Architectural firms chosen in NY Rockaways contest

Architectural firms in NY, Toronto, London and Sweden chosen in Rockaways development contest

Associated Press

NEW YORK (AP) -- Architectural firms from New York, Toronto, London and Sweden have been chosen as finalists in a contest to help develop an 80-acre storm-resilient site in the Rockaways.

Their proposals were chosen from among 117 submissions from designers in more than 20 countries. The contest was carried out by the New York City Department of Housing Preservation and Development and several development partners, according to a release Thursday.

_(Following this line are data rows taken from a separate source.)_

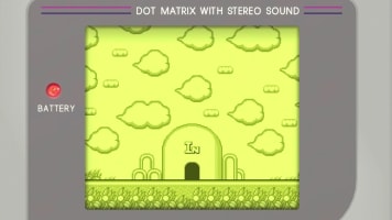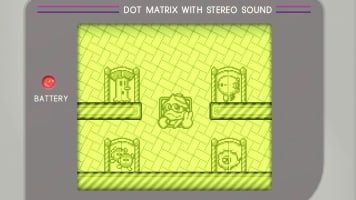 This stage features a grey Game Boy with a green monochrome screen that scrolls through the world of Kirby’s Dream Land. It begins first with the Game Boy's opening screen, then starts going through two parts of Green Greens, and then in King Dedede's castle before transitioning to outside of it, and ends in Dedede's boss room prior to looping once more.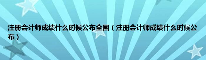 本文,注册会计师成绩什么时候公布全国,注册会计师成绩什么时候公布到此就分享完毕,希望对大家有所帮助。
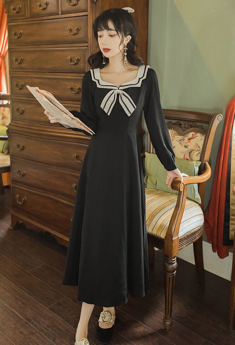 ♥ スタンダードネイビー♡ブラックスカート ♥カワイイ♥ レトロ スウィート ♥♡♥韓国系 ガーリー お呼ばれ カジュアル フェミニン エレガント ビジュー 清楚 オルチャン AA27458736293 | miel style clothing

The four firms will each receive $30,000 to develop proposals for a mixed-use, mixed-income, sustainable and storm-resilient community known as Arverne East. The city-owned site is in a beachfront area of the Rockaways that flooded during Superstorm Sandy last year.

The proposals must meet physical and regulatory challenges of waterfront development in the post-Sandy era in a contest meant to encourage ideas for handling challenges of development in flood-prone areas.

Department Commissioner Mathew Wambua praised the entries.

"Hurricane Sandy did not back us away from the waterfront and its development, but the intensity of the storm and the terrible damage we all saw the day after reminded us that intelligent shorefront design is essential to our future," he said in a release.

"This is a great starting point and I look forward to the next iteration of the finalists' concepts. These ideas have the potential to not only guide development and protect property, but most important of all, they could save lives," Wambua said.

The winners were identified as Ennead Architects, a New York-based firm; Lateral Office, a Toronto-based experimental design practice; Seeding Office, a London-based architectural practice; and White Arkitekter, a Goteborg, Sweden-based firm and the largest architectural practice in Scandinavia.

The next stage of the competition requires submissions by Oct. 7. The winner will receive another $30,000.